§ **Task instructions**: Answer with the exact lines of the following material from the one containing "Selain itu, Satres" through the one containing "Jeweils 1 originales", both end lines included.
[[ Exercise materials, beginning ]]
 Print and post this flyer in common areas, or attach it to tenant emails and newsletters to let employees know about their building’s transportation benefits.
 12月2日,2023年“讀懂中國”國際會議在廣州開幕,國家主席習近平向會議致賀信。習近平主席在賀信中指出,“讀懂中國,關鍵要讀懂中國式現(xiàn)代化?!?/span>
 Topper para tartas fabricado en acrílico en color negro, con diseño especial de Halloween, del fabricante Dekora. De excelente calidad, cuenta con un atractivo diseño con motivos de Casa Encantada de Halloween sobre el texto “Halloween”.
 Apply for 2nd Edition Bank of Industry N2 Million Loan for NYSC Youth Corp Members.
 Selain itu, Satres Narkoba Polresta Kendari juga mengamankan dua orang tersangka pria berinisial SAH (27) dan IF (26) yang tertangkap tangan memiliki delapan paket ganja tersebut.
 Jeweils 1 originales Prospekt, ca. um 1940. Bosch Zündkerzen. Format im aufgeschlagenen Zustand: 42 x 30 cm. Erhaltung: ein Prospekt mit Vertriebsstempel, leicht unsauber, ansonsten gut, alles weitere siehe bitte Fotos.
[[ Exercise materials, end ]]
[[ Exercise materials, beginning ]]
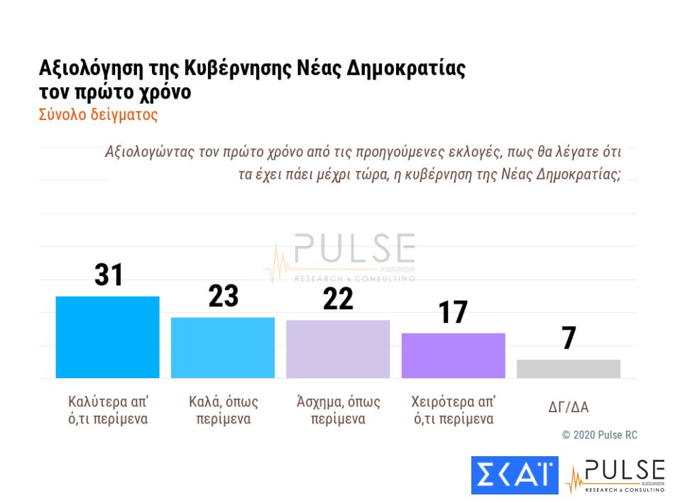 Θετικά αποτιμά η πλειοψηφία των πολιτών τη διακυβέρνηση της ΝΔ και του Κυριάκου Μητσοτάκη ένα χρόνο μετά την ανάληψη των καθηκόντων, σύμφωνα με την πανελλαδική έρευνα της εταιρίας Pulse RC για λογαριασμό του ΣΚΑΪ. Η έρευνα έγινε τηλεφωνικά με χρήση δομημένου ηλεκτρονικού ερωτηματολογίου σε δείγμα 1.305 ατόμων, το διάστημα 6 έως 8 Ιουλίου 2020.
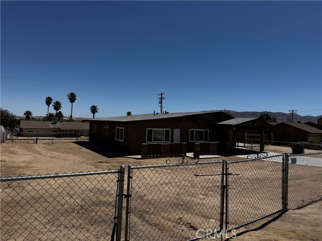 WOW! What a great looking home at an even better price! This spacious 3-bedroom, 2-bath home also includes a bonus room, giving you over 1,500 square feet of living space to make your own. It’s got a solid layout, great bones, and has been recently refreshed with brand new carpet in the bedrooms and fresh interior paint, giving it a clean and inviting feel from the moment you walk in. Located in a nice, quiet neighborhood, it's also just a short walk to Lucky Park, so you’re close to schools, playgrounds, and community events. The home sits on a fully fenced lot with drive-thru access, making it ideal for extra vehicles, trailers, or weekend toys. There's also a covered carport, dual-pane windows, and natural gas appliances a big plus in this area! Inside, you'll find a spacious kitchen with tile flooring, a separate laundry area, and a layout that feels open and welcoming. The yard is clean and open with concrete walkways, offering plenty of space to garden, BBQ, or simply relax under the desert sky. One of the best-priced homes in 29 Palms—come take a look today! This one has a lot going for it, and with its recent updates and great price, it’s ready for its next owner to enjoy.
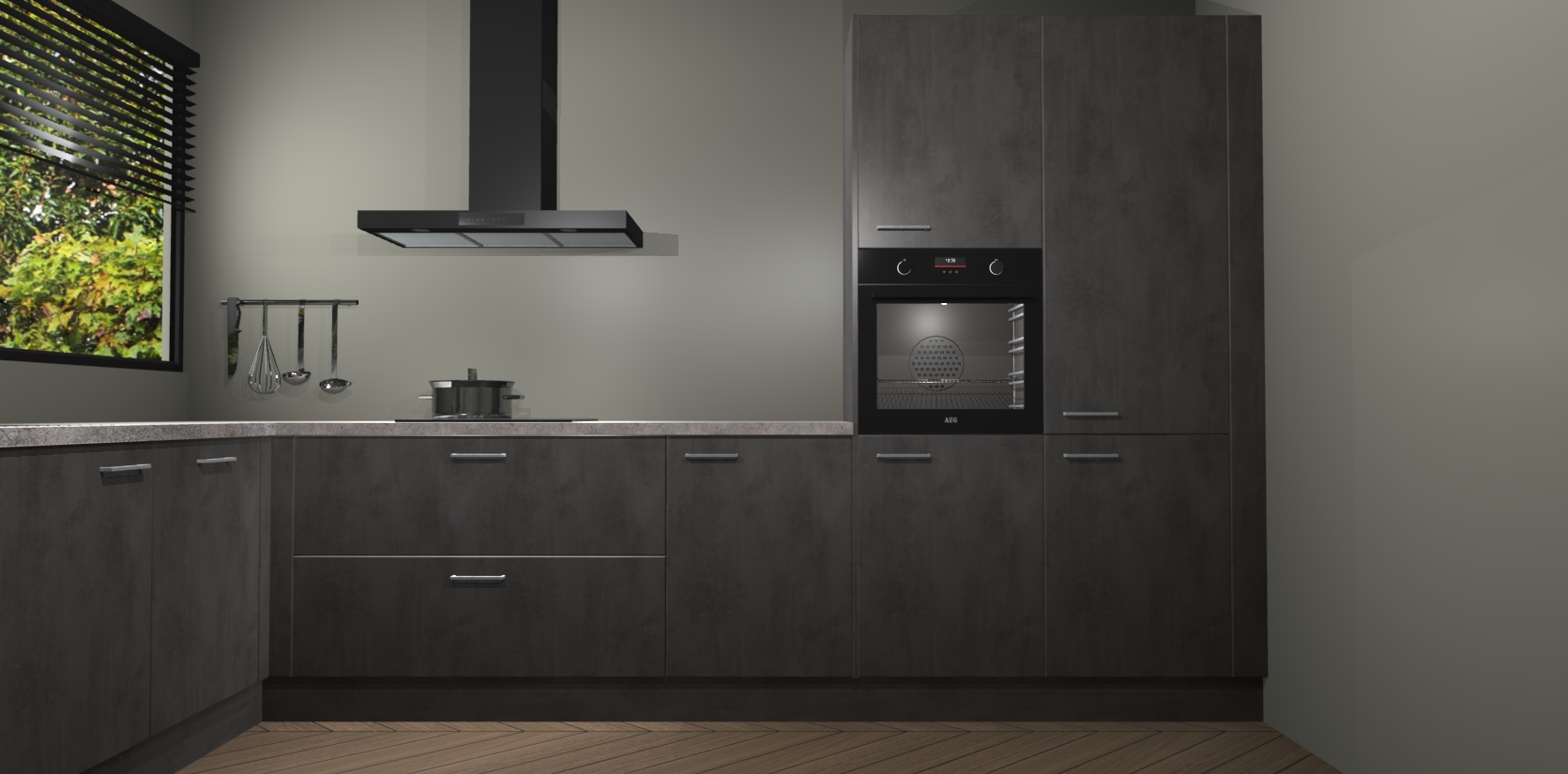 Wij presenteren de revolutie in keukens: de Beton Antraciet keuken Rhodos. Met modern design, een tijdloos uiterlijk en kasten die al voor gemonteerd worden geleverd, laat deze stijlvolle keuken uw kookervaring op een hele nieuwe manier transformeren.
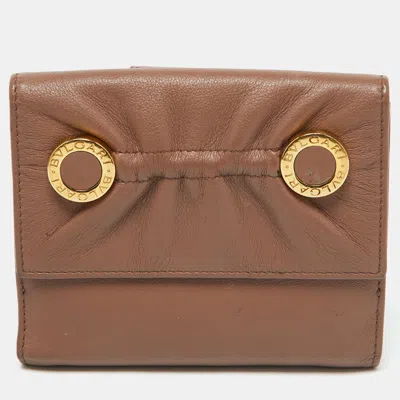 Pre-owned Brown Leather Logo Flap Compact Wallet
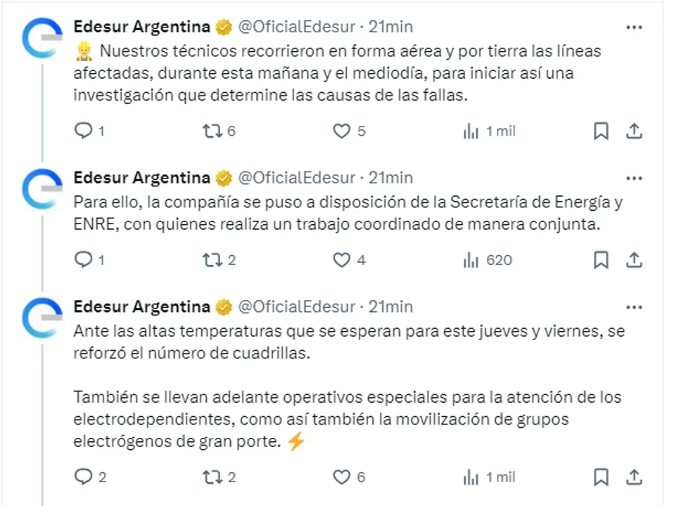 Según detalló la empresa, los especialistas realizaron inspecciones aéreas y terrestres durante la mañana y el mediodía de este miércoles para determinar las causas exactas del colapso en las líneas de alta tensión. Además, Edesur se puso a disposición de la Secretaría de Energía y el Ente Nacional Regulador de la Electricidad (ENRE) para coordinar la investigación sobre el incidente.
[[ Exercise materials, end ]]
[[ Exercise materials, beginning ]]
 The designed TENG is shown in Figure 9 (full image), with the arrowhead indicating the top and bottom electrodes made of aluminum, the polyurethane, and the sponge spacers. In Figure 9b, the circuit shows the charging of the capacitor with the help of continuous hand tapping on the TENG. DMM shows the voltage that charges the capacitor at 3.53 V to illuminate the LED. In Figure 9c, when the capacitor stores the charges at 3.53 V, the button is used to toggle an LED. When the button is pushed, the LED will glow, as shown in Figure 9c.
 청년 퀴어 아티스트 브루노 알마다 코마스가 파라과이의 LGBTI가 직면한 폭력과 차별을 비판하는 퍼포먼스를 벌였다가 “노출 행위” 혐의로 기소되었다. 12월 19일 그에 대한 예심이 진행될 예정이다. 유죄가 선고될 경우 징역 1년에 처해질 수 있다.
[[ Exercise materials, end ]]
§ **Exercise result**:
 Selain itu, Satres Narkoba Polresta Kendari juga mengamankan dua orang tersangka pria berinisial SAH (27) dan IF (26) yang tertangkap tangan memiliki delapan paket ganja tersebut.
 Jeweils 1 originales Prospekt, ca. um 1940. Bosch Zündkerzen. Format im aufgeschlagenen Zustand: 42 x 30 cm. Erhaltung: ein Prospekt mit Vertriebsstempel, leicht unsauber, ansonsten gut, alles weitere siehe bitte Fotos.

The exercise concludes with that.